# My "tactical" shotgun



## Indiana Jones (Aug 28, 2014)

In this day and age of people adding everything and the kitchen sink to shotguns, I still believe shotguns are a KISS item. Ive always wanted an 1897 Trench Gun but havent gotten one yet. So here is my modern day take on one. This is my M590A1 with a 1917 sling and 1970s Police wood furniture. I LOVE this thing. No rails and flashlights for me. Leather and wood do just fine. Took all the black plastic off. Yuck.


----------



## sneakygroundbuzzard (Nov 1, 2012)

very nice looking scattergun

i too prefer wood over plastic

however my dedicated turkey gun, 835 ultimag,does have a syn stock on it only because it came that way and is camo


----------



## Indiana Jones (Aug 28, 2014)

Thanks. I totally understand the plastic and I have some guns with it. It comes in handy but I prefer them old school. Ive wanted a camo shotgun forever. I need to pick one up.


----------



## dwtrees (Mar 5, 2012)

Nice looking shotgun. How long is the barrel on that one?

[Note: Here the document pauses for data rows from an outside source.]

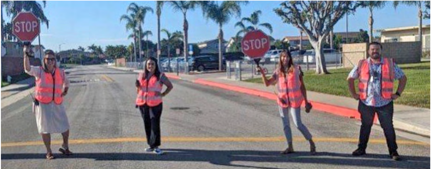
Tử tế với nhau. Hãy Ý Thức. Cẩn thận khi Băng qua Đường.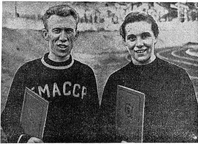
Ч. Сыжипова барание ахин гараа.

Гурбан язын мурьсөөгөөр Бурят-Монголой түлөөлөгшэ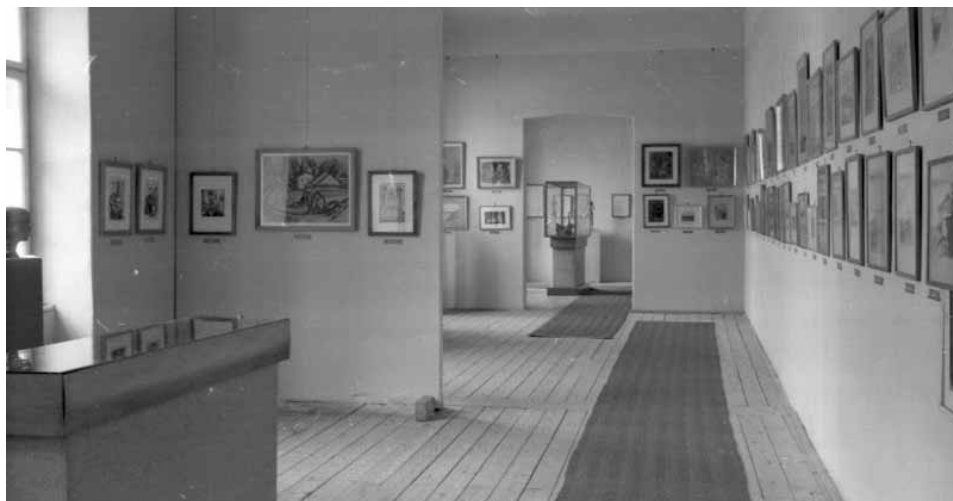
A Képtár kiállítása a Rákóczi út 15-ben, 1962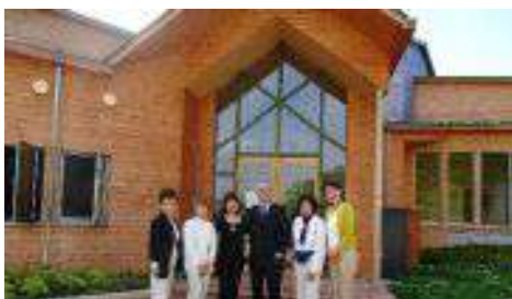
福島県 こども園りのひら見学会

7年目を迎えた子ども研究会では、これまでの活動を更に深化させ、「子どもの内面の成長に深く関わる空間」をテーマに研究を続けてきました。11月には、日本色彩学会主催の平成30年度研究会大会にて「ルドルフ・シュタイナーの人智学を反映したこども園・りのひらの色」を発表する機会を頂きました。子どもの感性を豊かに育むために、「空間の質」を高めていくことがいかに重要であるかなど、りのひらの園舎のライドと共に発表し、研究会としては大きなステップアップとなりました。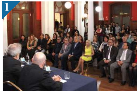
1 MEDIACIÓN Y ECONOMÍA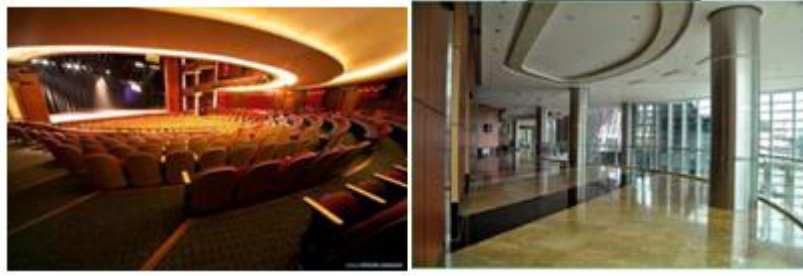
Gambar 4.8 Teater dan lobby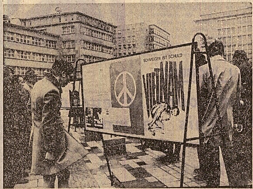
R.F.G.: locuitorii centrului industrial Essen protestează împotriva războiului dus de S.U.A. în Vietnam, expunînd pe străzile orașului panouri prin care cer să se pună capăt agresiunii americane

Seara, în drum spre Paris, membrii delegației române au vizitat catedrala de la Rouen, capitala Normandiei, important monument de arhitectură din secolul al XIII-lea, expresie vie a ingeniozității și a puternicului spirit creator al poporului francez.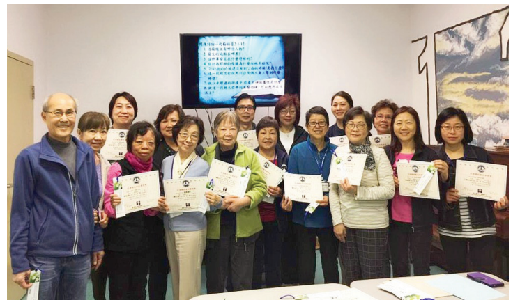
「加拿大北約教會結業式合影留念」

在疫情期間，異端全能神教也積極的在影響基督徒，他們冒充正統基督教宗派之名，在臉書開設群組邀請基督徒參與。我也體會在這種時候信徒更需要主話語的餵養，不然信徒極容易被異端影響。感謝神讓我們整個團隊同心的克服困難，堅持繼續課程，沒有因限制行動管制令就讓我們放棄學習，放棄服事。我們當思念天上的事，為他人的益處與神的榮耀多付出努力。無論風暴有多大，神是平靜風浪的主，只要有主在我們的生命中，祂必定帶領我們到達目的地。我們只管信靠順服祂，因為主是信實的，要與我們同在的應許沒有落空。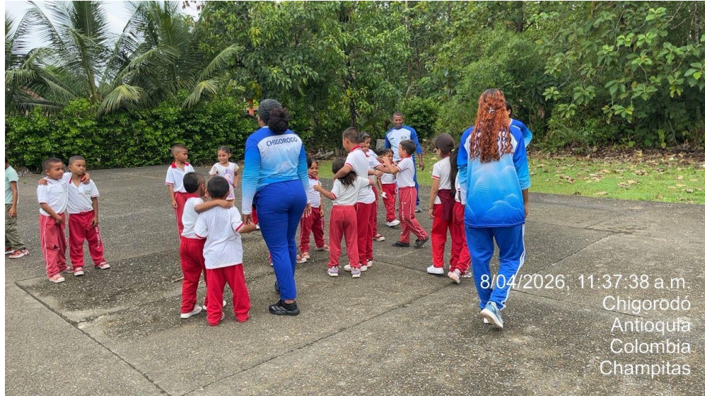
Apoyo fotográfico en actividad física en el marco de la semana del movimiento en Champitas.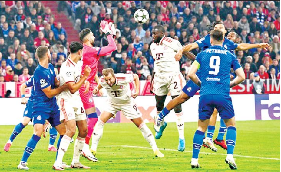
ဘိုင်ယန်မြူးနစ်အသင်းနှင့် ဒိုင်နမိုဇာဂရက်အသင်းတို့ ယှဉ်ပြိုင်ကစားကြစဉ်။

နေပြည်တော် စက်တင်ဘာ ၁၈ သင်္ချာပုံစံပြုမော်ဒယ်လ်များ၏ ခန့်မှန်းချက်များအရ တောင်တရုတ်ပင်လယ်ပြင်တွင် ဖြစ်ပေါ်နေသော အပူပိုင်းမုန်တိုင်းငယ်သည် ပိုမိုအားကောင်းလာနိုင်ကာ စက်တင်ဘာ ၂၀ ရက်တွင် ဗီယက်နမ်နိုင်ငံ ကုန်းတွင်းပိုင်းဒေသများသို့ ဖြတ်ကျော်နိုင်ပြီး စက်တင်ဘာ ၂၀ ရက် ညနေပိုင်းတွင် မြန်မာနိုင်ငံအရှေ့တောင်ပိုင်းဒေသများသို့ စတင်ဖြတ်ကျော် ရောက်ရှိနိုင်သည်။ အဆိုပါ အပူပိုင်းမုန်တိုင်းငယ်၏ အကြွင်းအကျန်တိမ်တိုက်များနှင့် လေပွေလှိုင်းသည် မြန်မာနိုင်ငံသို့ ဖြတ်ကျော်ပြီးနောက် ကပ္ပလီပင်လယ်ပြင်နှင့် ဘင်္ဂလားပင်လယ်အော်တို့တွင် လေဖိအားနည်းရပ်ဝန်းအဖြစ်သို့ ပြန်လည်အစပျိုးအားကောင်းလာနိုင်သည်။ အဆိုပါ ဖြတ်ကျော်လာနိုင်သည့် လေပွေလှိုင်း၏အရှိန်ကြောင့် စက်တင်ဘာ ၂၁ ရက်မှ စက်တင်ဘာ ၂၅ ရက်အတွင်း နေပြည်တော်၊ မန္တလေးတိုင်းဒေသကြီး၊ မကွေးတိုင်းဒေသကြီး၊ ပဲခူးတိုင်းဒေသကြီး၊ ရန်ကုန်တိုင်းဒေသကြီး၊ ဧရာဝတီတိုင်းဒေသကြီး၊ တနင်္သာရီတိုင်းဒေသကြီး၊ စာမျက်နှာ ၂၀ ကော်လံ ၁ သို့ ❖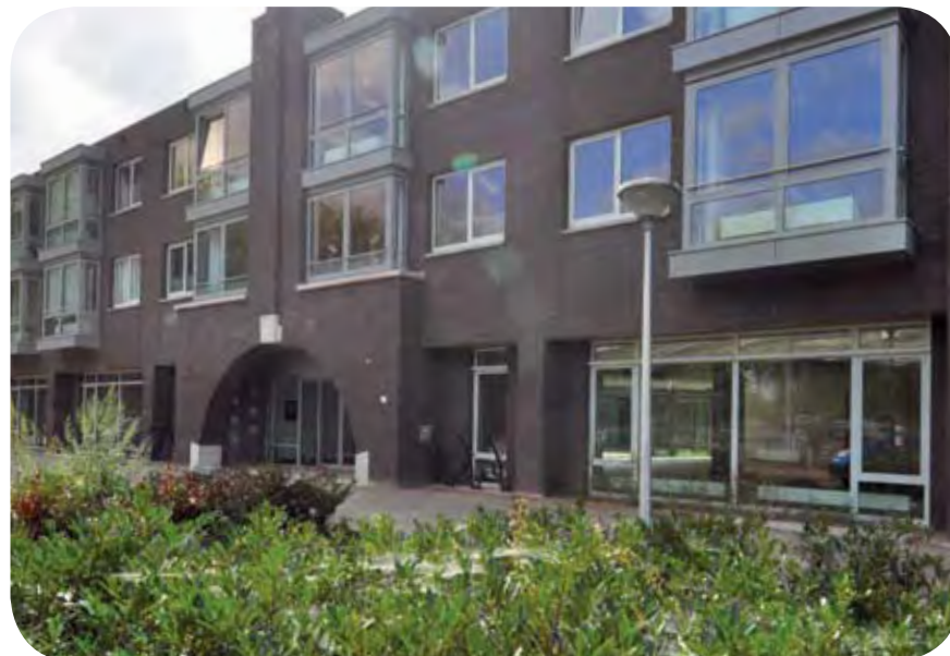
Het nieuwe wooncomplex én activiteitscentrum aan de Palladiostraat.

De meeste bewoners hebben eerder al aan de Tonnaerstraat gewoond. Om de nieuwbouw te kunnen realiseren zijn zij tijdelijk naar het Brasschaatpad en de J.J. de Vlamstraat verhuisd. Helaas heeft de tijdelijke verhuizing door omstandigheden bijna 7 jaar geduurd. De cliënten waren dus ook erg blij dat ze weer terug konden naar hun oude stekje, maar dan in een gloednieuwe woning.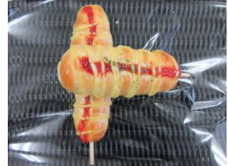
あらびきフランク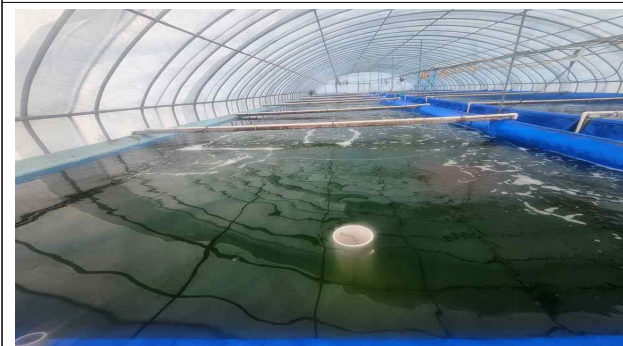
종자생산 수조 입식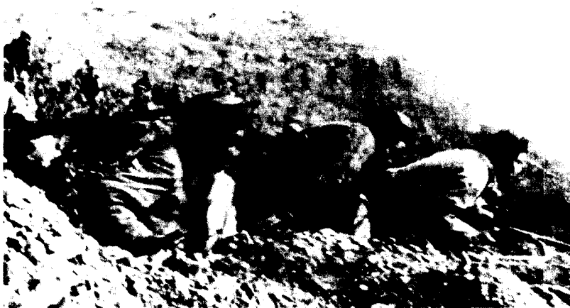
(十七) 汉江南北两 岸日夜阻击 敌人。图为 336团5连 在草下南山 浴血奋战， 三昼夜，打 退美骑一师 一部，大量 飞机、坦克 配合下的 十三次攻 击。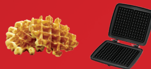
Gallettes 6X10 - M003

I'm still shooting my Winchester 1200 pump (all wood) I bought back in 1972. Still works great.


----------



## hassell (Feb 9, 2010)

Nice looking rig.


----------



## Jonbnks (Jan 21, 2012)

Nice looking shotgun. You're correct, KISS is how a shotgun should be.


----------



## youngdon (Mar 10, 2010)

I still need to develop that cupholder for AR's and shotguns for all the add-on guys. That is a good lookin' firearm.


----------



## Indiana Jones (Aug 28, 2014)

Thanks everyone. This one has the 20" barrel. Id love to find a wood handled bayonet for it and a heatshield to complete the look. Unfortunately the heatshield will be a PITA because of the sights the shotgun came with.


----------



## Indiana Jones (Aug 28, 2014)

Added a neoprene shotshell holder. I can take it off and replace it whenever instead of a typical sidesaddle


----------



## Indiana Jones (Aug 28, 2014)

Oops meant to add, Im looking for a leather one.


----------



## sneakygroundbuzzard (Nov 1, 2012)

i like the shell holder

i have one like that on my TIKKA T3 .270

oh ya, i like your avatar pic too

he was and is one of fav actors of all time


----------



## SWAMPBUCK10PT (Apr 5, 2010)

*YUP!!!!!!!!!!!!!!!! SOLD MY 1897 WIN BACK IN "65" STILL MISS IT------ I. J. NICE SHOTGUN*


----------